By  on August 27, 2014

For the 630-unit Express, it’s a pivotal year as a fleet of outlets unfolds fast; partnerships for international growth materialize, and skirts, leggings and wovens get played up to offset weakness in casual knits and denim.

“There’s always a lot going on at Express. As of the moment, becoming an omnichannel retailer is the key. We are doing this in a very competitive environment and really the priorities have got to be on product,” David Kornberg, president of Express Inc. and the specialty chain’s next chief executive officer, told WWD.

Kornberg, a 14-year veteran of the $2.2 billion Express, outlined the agenda in an interview Wednesday, after Express reported a 59 percent decline in net profits and a 5 percent drop in comparable-store sales in the second quarter ended Aug. 3.

Like most retailers, Express has been impacted by declining mall traffic; Internet sales; depressing world events dampening the desire to shop; a lack of fashion newness; a shift in consumer spending toward the home, autos and vacations, and industry-wide, industrial-strength price-promoting.

Despite the declines, Express stock on Wednesday rose 12.75 percent, or $1.86, to $16.45 because the results were not as weak as expected and officials are citing several growth strategies.

Amid all the issues, Express has a change in command in the works, with Michael Weiss retiring at the end of January, to be succeeded by Kornberg, who will continue as president as well. Weiss will stay on as non-executive chairman.

In addition, there is a looming takeover threat from, among other potential suitors, Sycamore Partners, which has a 10 percent stake in the company and has expressed interest in buying it. Express officials would not comment on Sycamore.

Among the strategies Kornberg focused on is the new outlet operation, Express Factory Outlets, which sells bestsellers from the regular Express chain that have been reengineered at lower prices. The first two dozen outlets have opened so far this year; 37 are seen by yearend, and 70 by the end of 2015. Ultimately, 150 outlets are envisioned.

“There is a lot of opportunity in outlets. We’ve had great initial results,” Kornberg said. “In addition, it’s a great way to introduce new customers to the brand.”

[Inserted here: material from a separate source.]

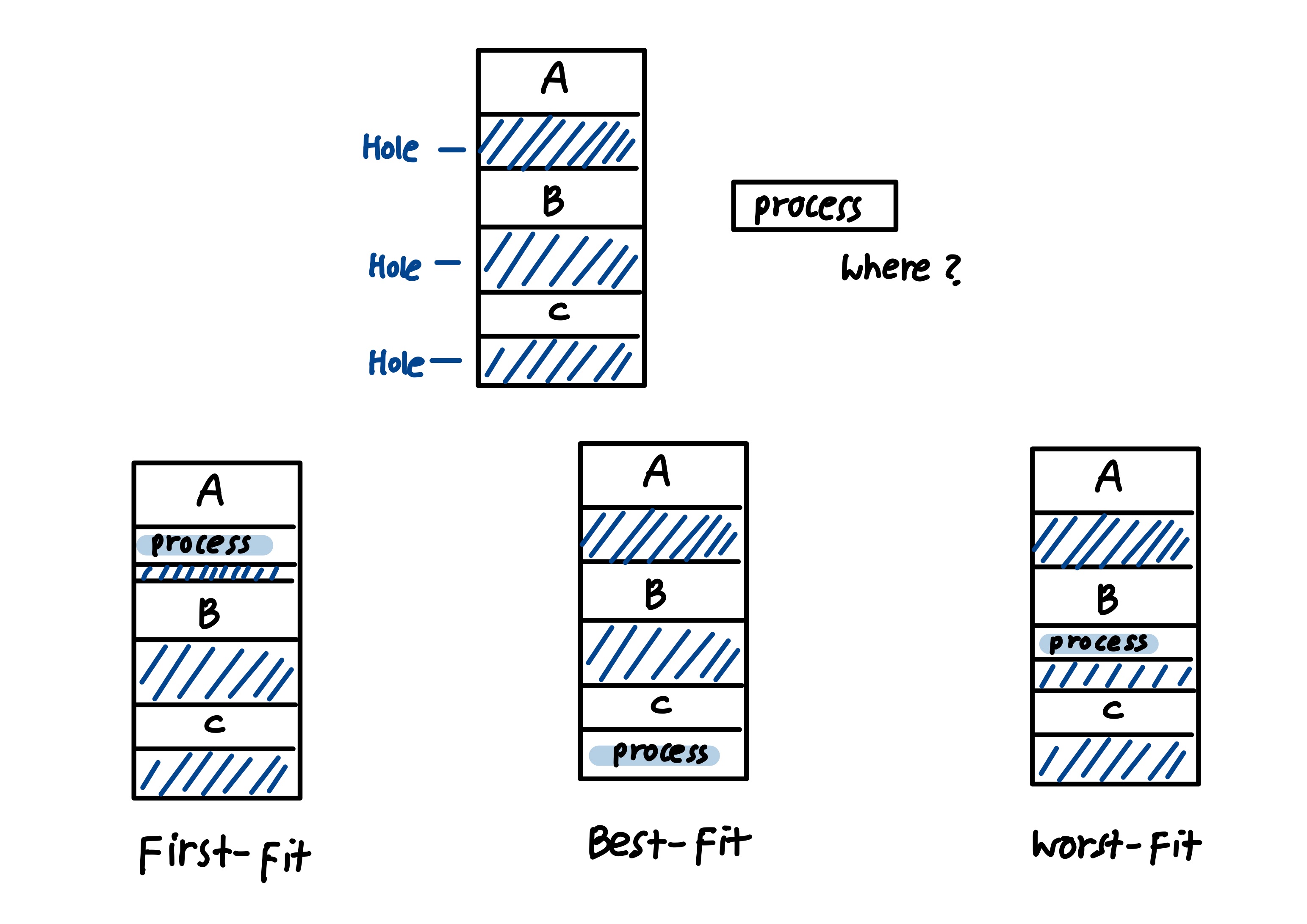 memory management에서 핵심은 메모리를 어떻게 효율적으로 사용하느냐 이다. 따라서 메모리에 데이터를 올릴 때 어떻게 최대한 남는 공간 없이 활용할 수 있을까? 가 핵심 이슈이다.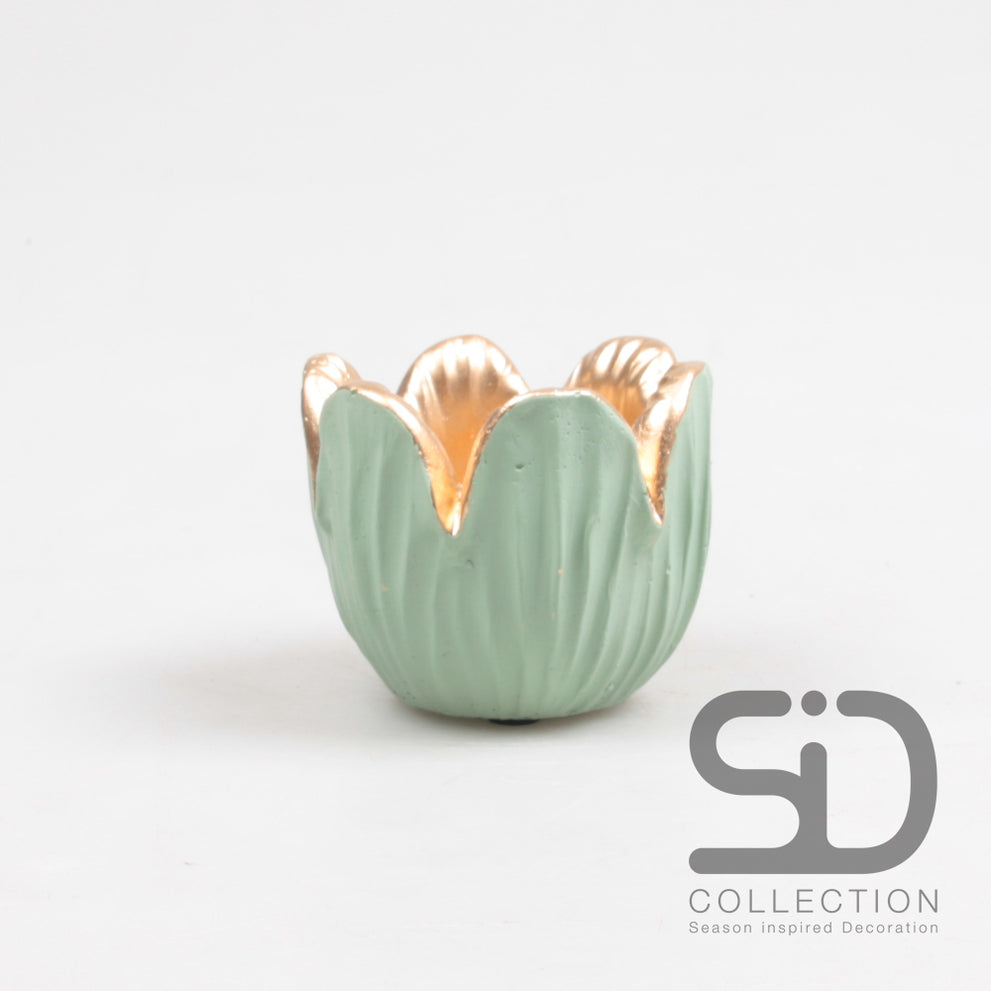 Tulpen-Wachslichthalter aus Zement, 8,5 x 6,5 cm, grün

The mood seems different at Express stores. “We are seeing a decline in traffic,” Kornberg said. Over a three-year period starting in 2015, the company expects to close 50 Express stores. However, Express will still be “opportunistic opening new stores” and at the best malls around the country, Express stores continue to be bigger and bigger contributors to the business.

Kornberg told WWD that for the first three weeks of August, the retailer was less promotional than much of the competition, and up until this Labor Day weekend, avoided the storewide price-cutting type of event others have staged. “We’ve had promotions but haven’t needed to go all-store,” until the Labor Day period, Kornberg said. “Promotions during back-to-school remain intensely competitive.”

On the international front, Express has barely scratched the surface, with 17 company-owned units in Canada, and a total of 31 franchises combined in the Middle East and Latin America. However, Kornberg said the company is talking with potential partners in Europe and Asia, and will be opening its first shops-in-shop this fall in South Africa where Express has a franchise agreement with Edcon Group, a retail franchise operator. Edcon will operate Express shops-in-shop at select Edgars department stores by the end of 2014. In addition, stand-alone Express stores are seen opening in 2015 in South Africa.

Kornberg also discussed omni-initiatives. A dot-com redesign recently was unveiled; a redesign of the mobile experience is in progress, and pick-up-in-stores and ship-from-stores operations should go live by the end of next year or early 2016.

Kornberg said 16 percent of the volume at Express is generated through e-commerce, a figure significantly greater than most retailers, where the percentage is typically in the high-single-digits.

“We’ve got a strong e-commerce business. Our customer is totally connected,” Kornberg said. “The 20- to 30-year-old customer is living their life online.…I can see a future where 50 percent of our business is front-line retail, 25 percent outlet and 25 e-commerce,” Kornberg told WWD.

In a tough quarter, Express cleared a lot of slow-moving spring product with less impact to margins than expected, officials said. While women’s casual knit tops were weak and men’s performed better in the first quarter than the second, there were several pockets of improvement: dressy knit tops; mid- and high-rise denim; pencil, maxi and full skirts; jumpsuits; rompers, and women’s shoes and sneakers.

While traffic and transactions were down last quarter, officials said they are comfortable with inventory levels and there is greater open-to-buy available for the fourth quarter.

“The Labor Day weekend will be an indication of where we will come out for the quarter,” said Kornberg.

Express’ net income dropped to $6.9 million, or 8 cents a diluted share, in the second quarter ended Aug. 2. This compares to net income of $16.9 million, or 20 cents a diluted share, in the second quarter of 2013.

Net sales decreased 2 percent to $481.4 million from $490.1 million in the year-ago quarter. Gross margin as a percentage of net sales declined 280 basis points compared to last year’s second quarter and represented 28.3 percent of net sales.